Каждый имеет право на десять минут славы, и, когда следующим летом в опустевшую редакцию приехали телевизионщики, им пришлось брать интервью у единственного сотрудника. А Ираклия Голубень, точно зациклило: он говорил об одиночестве, тесном мирке, в котором бродят, как шатуны, но выйти из которого не могут, точно это грозит расстрелом, о том, что никто никому не нужен. А в конце прочитал свой стих. И это стало его звёздным мигом.
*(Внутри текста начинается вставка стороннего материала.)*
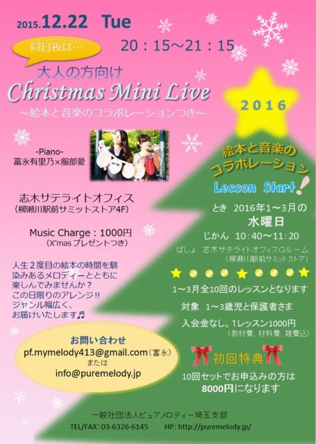 µ®½Å¤Ê¥¹¥Ú¡¼¥¹¡¢¼ºÎ餤¤¿¤·¤Þ¤¹¡£ ¥Ô¥¢¥Î¥Ç¥å¥ª¤Ë¤è¤ë¡¢ ³¨ËܤȲ»³Ú¤Î¥³¥é¥Ü¥ì¡¼¥·¥ç¥ó ¡ÁChristmas Mini Live¡Á ¤Î¤ªÃΤ餻¤ò¤µ¤»¤Æ¤¤¤¿¤À¤¤Þ¤¹¢ö 2015.12.22¡Ê²Ð¡Ë 20:15-21:15 »ÖÌÚ¥µ¥Æ¥é¥¤¥È¥ª¥Õ¥£¥¹¤Ë¤Æ ¡ÊÅìÉðÅì¾åÀþÌøÀ¥Àî±ØÁ°¥µ¥ß¥Ã¥È4³¬¡Ë »²²ÃÈñ 1000±ß¡Ê¥×¥ì¥¼¥ó¥È¤Ä¤¡Ë ¤ª»Å»öµ¢¤ê¤Ë¡¢¤´Í§¿Í¤ä¤´É×ÉØ¤Ç¡¢¡¢¡¢ ¤Õ¤é¤ê¤È¤ªÎ©¤Á´ó¤ê¤¤¤¿¤À¤±¤ë¾ì½ê¤Ç¤¹¡£ Live¡ª¤È¤¤¤¦²ñ¾ì¤Ç¤Ï¤¢¤ê¤Þ¤»¤ó¤¬¡¢¡¢¡¢ Christmas»þ´ü¤Î²»³Ú¤ò¤Û¤Ã¤ÈϤ䤫¤Ë³Ú¤·¤ó¤Ç¤¤¤¿¤À¤±¤ë¡¢¥¢¥Ã¥È¥Û¡¼¥à¤Ê¶õ´Ö¤ò¤ªÆÏ¤±¤¤¤¿

В доме теперь его останавливали, хватая за рукав, благодарили за то, что открыл глаза, лезли обниматься, а, когда он выдергивал руку, провожали долгим, понимающим взглядом. А на зеркале в лифте кто-то начертил губной помадой:
Чтоб горя хлебнуть до дна,
Чтоб счастья испить до дна,
Чтоб брата поднять со дна,
Хоть бы была война!
Все только и говорили о его выступлении, не давая проходу, так что он на день забаррикадировал дверь, выбираясь, как филин, по ночам. Но теперь каждый раз проверял в кармане ключи. А к Савелию Тяхту спустился врач, живший этажом выше. «Слышал Ираклия? Как распинался! А не подумал, что станет, если все побратаются. Мы ж как вампиры, питаемся чужими соками, и нас лучше в отдельных клетках держать. Нам хорошо наедине с другими, и плохо — с собой. Вот, попробуй посидеть в одиночестве час-другой — взвоешь! Без внешних раздражителей, как без воздуха. У нас в клинике три часа одиночества вроде карцера − непереносимая пытка! А выпустить всех на волю? Перегрызутся! Уж лучше пусть по своим трубочкам бегают!» Так Савелий Тяхт понял, что сами по себе слова ничего не значат, а язык, как телефон, молчит, пока им не пользуются, наполняясь только в речи правдой и ложью, несдерживаемой страстью и тайными желаниями.